Before intake, overall elasticity values (R2 = Ua/Uf ratio) were 0.616 ± 0.056. After 20 days of intake, elasticity significantly increased to 0.668 ± 0.057, and after 40 days of intake once more significantly higher values of 0.697 ± 0.051 were assessed (repeated-measures ANOVA, P < .001). This corresponds to an overall increase of 8.58% at day 20 in comparison with the start of the study. After 40 days of intake, an increase by 13.25% was noticed. In the course of the study, there was a continuous significant increase of elasticity from baseline to day 20 to day 40 (Figure 2). The maximum gain of elasticity was 26.16%.

Figure 2.

Figure 2.

Increase of elasticity throughout the trial.
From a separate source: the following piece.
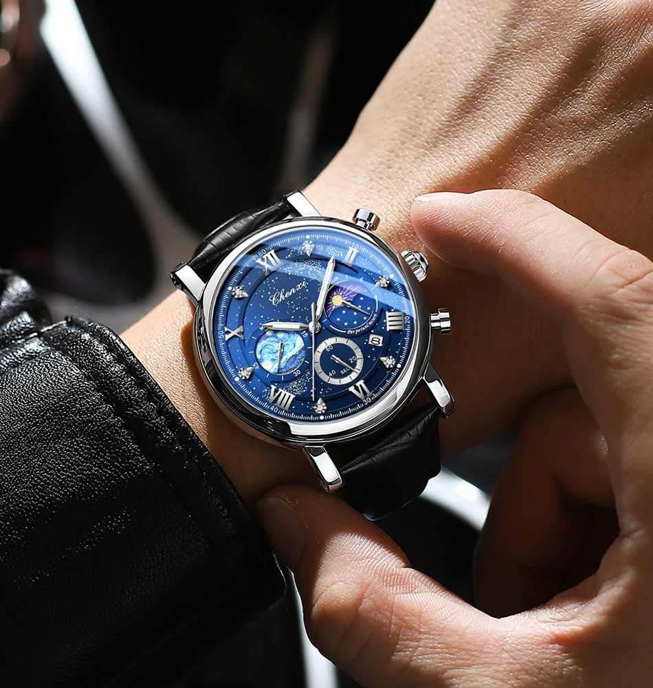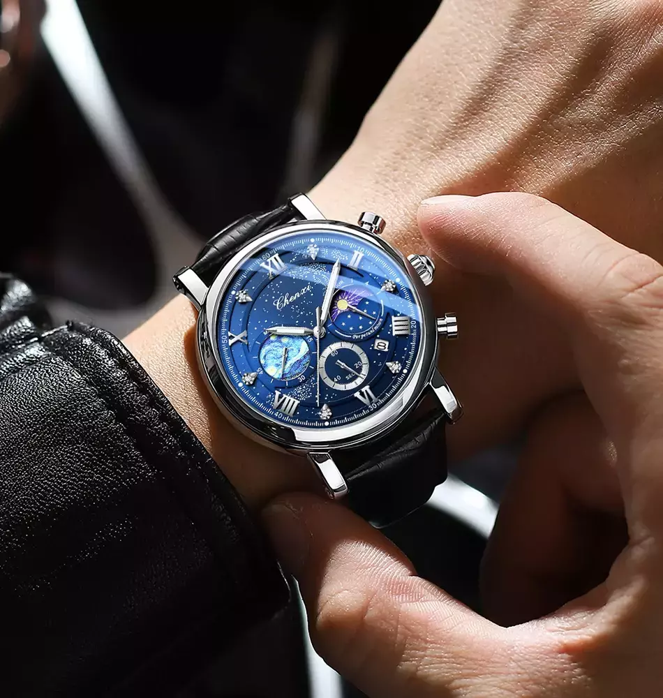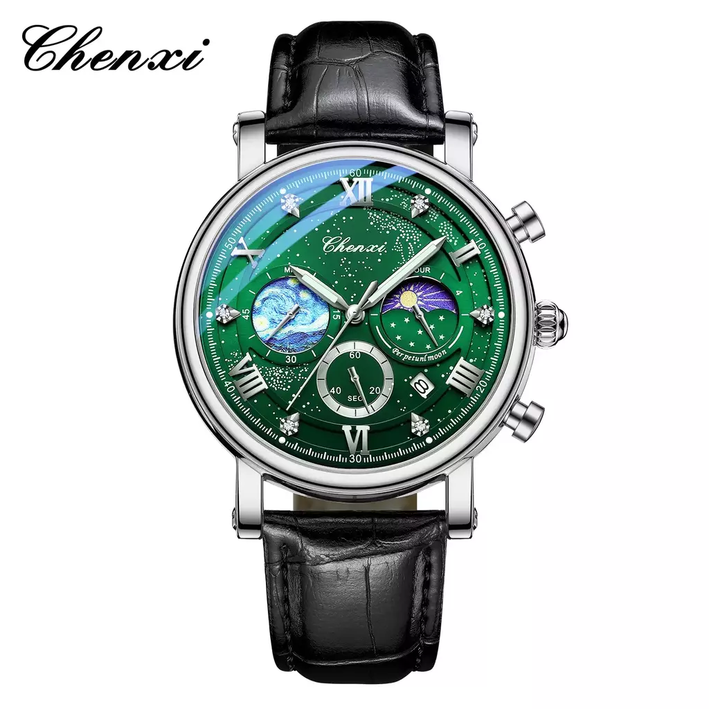 O Relógio Chenxi Masculino combina design sofisticado com funcionalidades modernas. Com pulseira de couro legítimo, mostrador elegante e funções avançadas como cronógrafo, calendário completo e fase da lua, ele é a escolha perfeita para homens que valorizam estilo e praticidade no dia a dia.

Skin elasticity increased steadily to the end of the trial. The gain of elasticity was significant for each comparison (P < .001).

Skin Roughness

Before intake, skin roughness was 151.48 ± 17.92. Skin roughness decreased to 132.34 ± 18.47 after 20 days and 125.94 ± 19.18 after 40 days (Figure 3). The overall change and also differences between each assessment were significant (repeated-measures ANOVA and post hoc comparisons, P < .001 for each comparison). Skin roughness decreased from baseline to the assessment after 20 days by 12.67% and after 40 days by 16.9% The maximum decrease seen in this trial was 30.40%.

Figure 3.

Figure 3.

A continuous decrease of skin roughness was seen throughout the trial. The differences were significantl for each comparison (P < .001).

Wrinkle Depth

Measurements of wrinkle depth were performed in 6 patients. Wrinkle depth before intake was 450.28 ± 209.12. After 20 days of intake, wrinkle depth significantly decreased to 394.02 ± 191.74 and after 40 days of intake a further significant reduction of wrinkle depth to 331.35 ± 142.18 was assessed (repeated-measures ANOVA, P = .020 and post hoc comparisons with baseline, P = .002 at day 20 and P = .048 at day 40) (Figure 4). This corresponds to a reduction of wrinkle depth by 12.5% after 20 days and by 26.36% after 40 days. The maximum reduction of wrinkle depths was −37.57%. Figures 5 and 6, respectively, show one of the participants before and after 40 days of intake.

Figure 4.

Figure 4.

Wrinkle depth was reduced till the end of the trial. Wrinkle depths were significantly lower than baseline at both assessments (P < .001).

Figure 5.

Figure 5.

Participant before intake of the hyaluronic acid solution.

Figure 6.

Figure 6.

Participant after intake of the hyaluronic acid solution.

Dermatologic Skin Evaluation

Before the intake of the HA solution, all subjects had healthy skin. At this time, 1 subject had normal skin, 7 dry skin, 11 dry/sensitive skin, and 1 very dry skin.

According to the self-assessment, 6 out of 20 participants had stronger hair after 20 days of intake. The percentage of patients who believed to have stronger hair compared with baseline increased to 50% (n = 10) after 40 days. Likewise, nails became firmer: After 20 days of intake, 30% of participants had firmer nails (n = 6), and after 40 days of intake 45% (n = 9) had firmer nails.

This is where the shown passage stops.